==== DATA FOR ANALYSIS

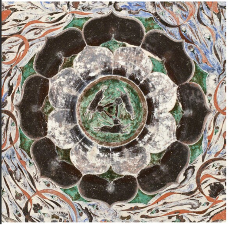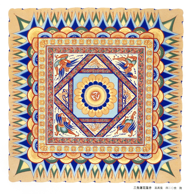 三兔共耳圖案、成熟的飛天造型、精美的紋飾圖案相互映襯,共同構成了這幅令人嘆為觀止的藻井壁畫,受到人們的廣泛關注和喜愛。
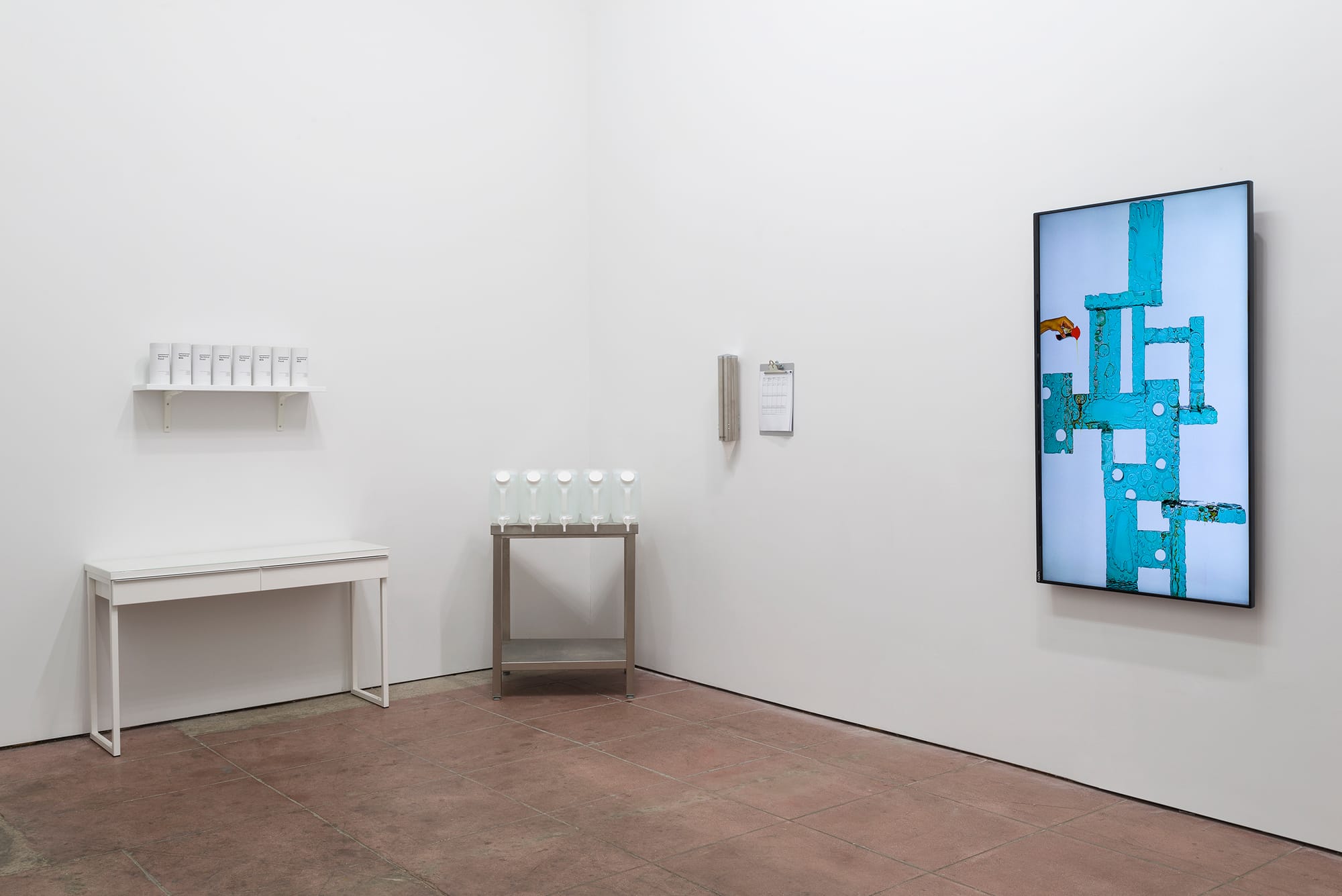 The enduring popularity of “meal replacement” beverage Soylent suggests people can ostensibly meet their nutritional and caloric needs through liquid form, no matter how joyless or dystopian the idea might seem. Sean Raspet’s installation features a display of Soylent containers labeled “technical food” and “technical milk,” and invites gallery visitors to try out samples of five chemically flavored waters, the titles of which only reveal their specific chemical compounds. A survey asks visitors to describe their tastings, which range from the mildly pleasant (hints of cinnamon and vanilla) to the outright abhorrent (scents of rubber and plastic), turning the installation into a case study for the perception of “natural” and “artificial” flavors and the mimetic capabilities of taste and smell.
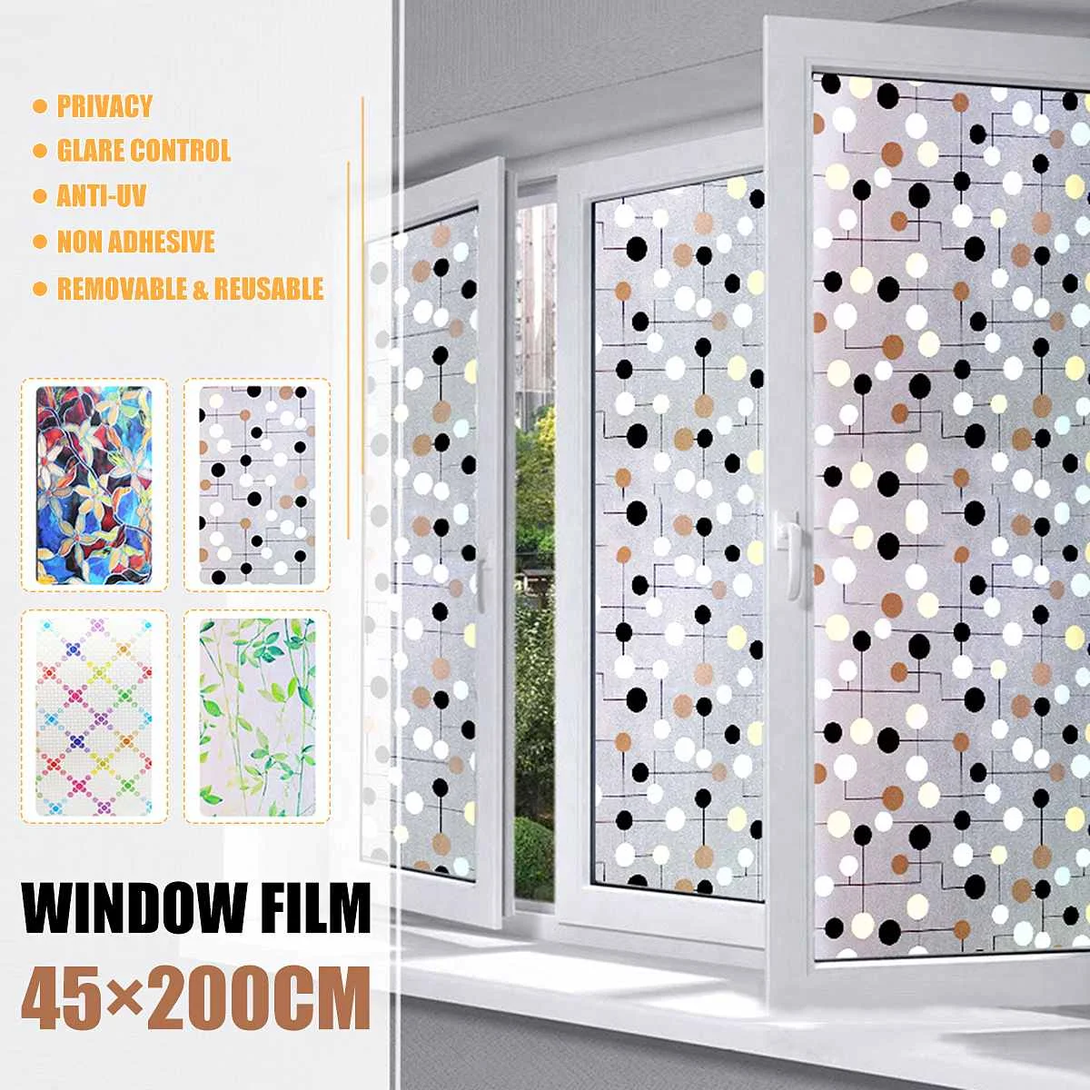 | 45x200cm PVC Frosted Window Film Waterproof No Glue Scrubs Frosted Glass Sticker Home Bedroom Bathroom Office Decoration Privacy |
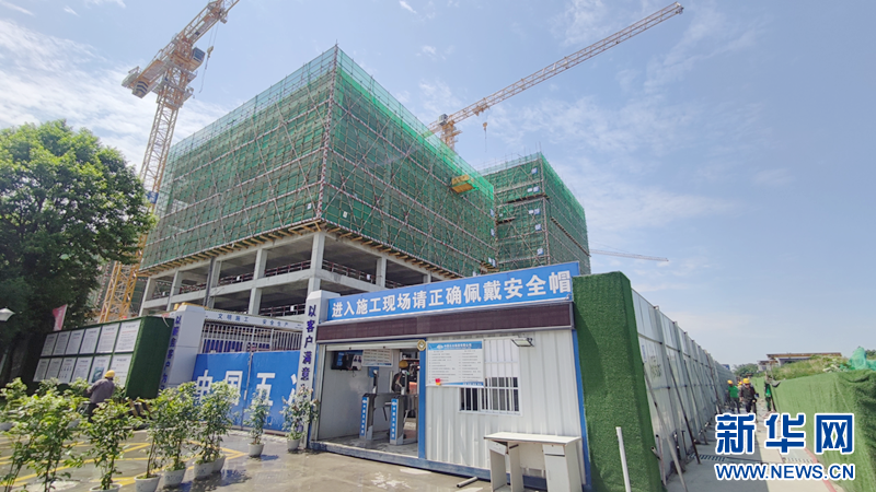 在施工现场,梁晓龙指着现场用绿色密目网“围”住的楼栋介绍:“现在主要进行幕墙工程、二次结构及机电安装等施工。”李勇介绍说:“现在是抢工期的关键节点,1000多名工人正‘火力’全开,确保项目9月底如期交付。”李勇表示,为保证主体结构施工节点如期完成,该项目部制定“7天一层楼”目标,早在开工前,团队就将楼层施工中测量放线、支模架搭设、模板铺设、钢筋绑扎等工序计划细化到天。
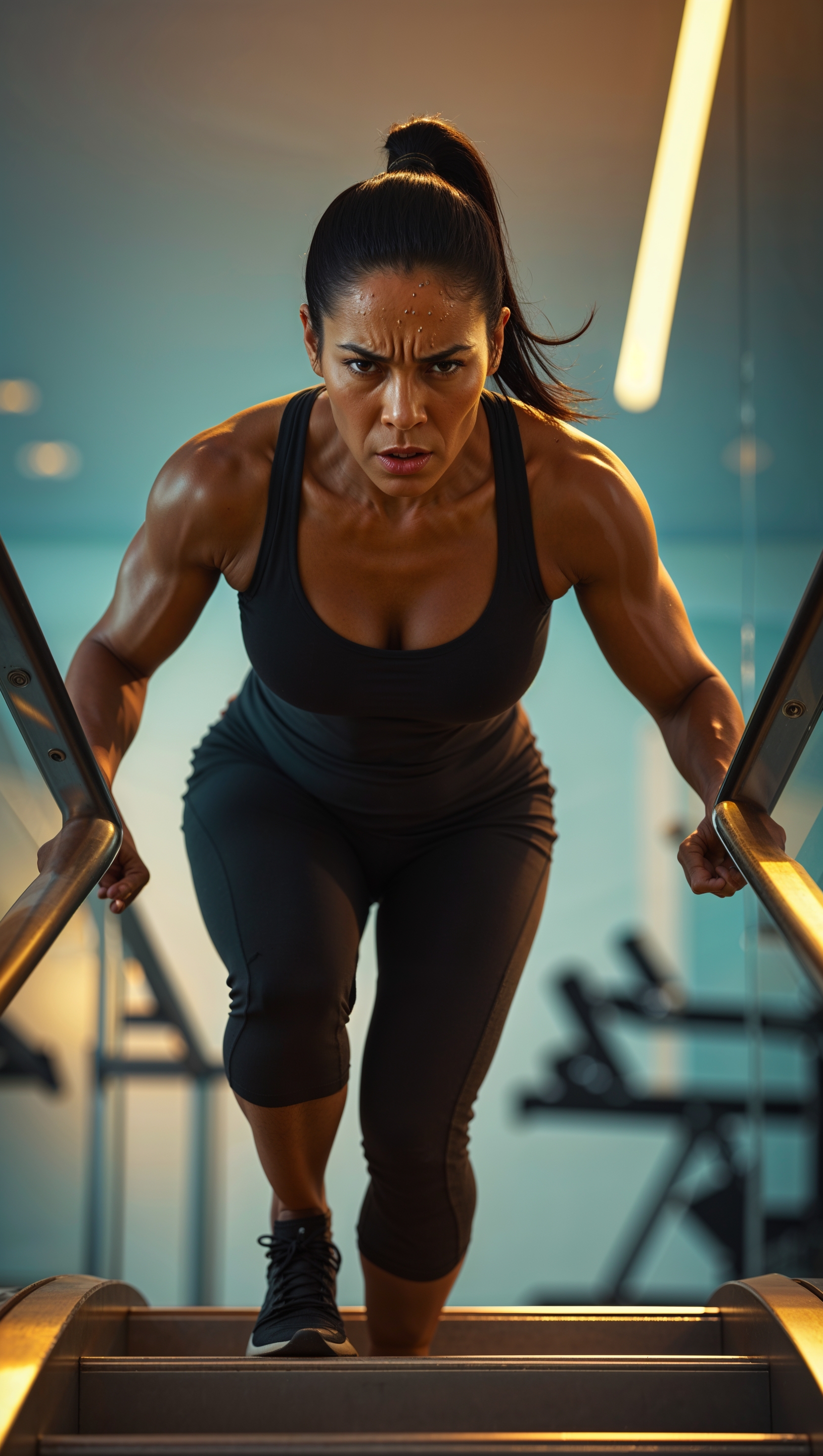 1664x2944 Modestly dressed woman climbing stairs, motivational fitness scene

========

(ASSIGNMENT) Restate the entries above word for word, keeping pictures out of the copy.

(ANSWER SECTION)
 三兔共耳圖案、成熟的飛天造型、精美的紋飾圖案相互映襯,共同構成了這幅令人嘆為觀止的藻井壁畫,受到人們的廣泛關注和喜愛。
 The enduring popularity of “meal replacement” beverage Soylent suggests people can ostensibly meet their nutritional and caloric needs through liquid form, no matter how joyless or dystopian the idea might seem. Sean Raspet’s installation features a display of Soylent containers labeled “technical food” and “technical milk,” and invites gallery visitors to try out samples of five chemically flavored waters, the titles of which only reveal their specific chemical compounds. A survey asks visitors to describe their tastings, which range from the mildly pleasant (hints of cinnamon and vanilla) to the outright abhorrent (scents of rubber and plastic), turning the installation into a case study for the perception of “natural” and “artificial” flavors and the mimetic capabilities of taste and smell.
 | 45x200cm PVC Frosted Window Film Waterproof No Glue Scrubs Frosted Glass Sticker Home Bedroom Bathroom Office Decoration Privacy |
 在施工现场,梁晓龙指着现场用绿色密目网“围”住的楼栋介绍:“现在主要进行幕墙工程、二次结构及机电安装等施工。”李勇介绍说:“现在是抢工期的关键节点,1000多名工人正‘火力’全开,确保项目9月底如期交付。”李勇表示,为保证主体结构施工节点如期完成,该项目部制定“7天一层楼”目标,早在开工前,团队就将楼层施工中测量放线、支模架搭设、模板铺设、钢筋绑扎等工序计划细化到天。
 1664x2944 Modestly dressed woman climbing stairs, motivational fitness scene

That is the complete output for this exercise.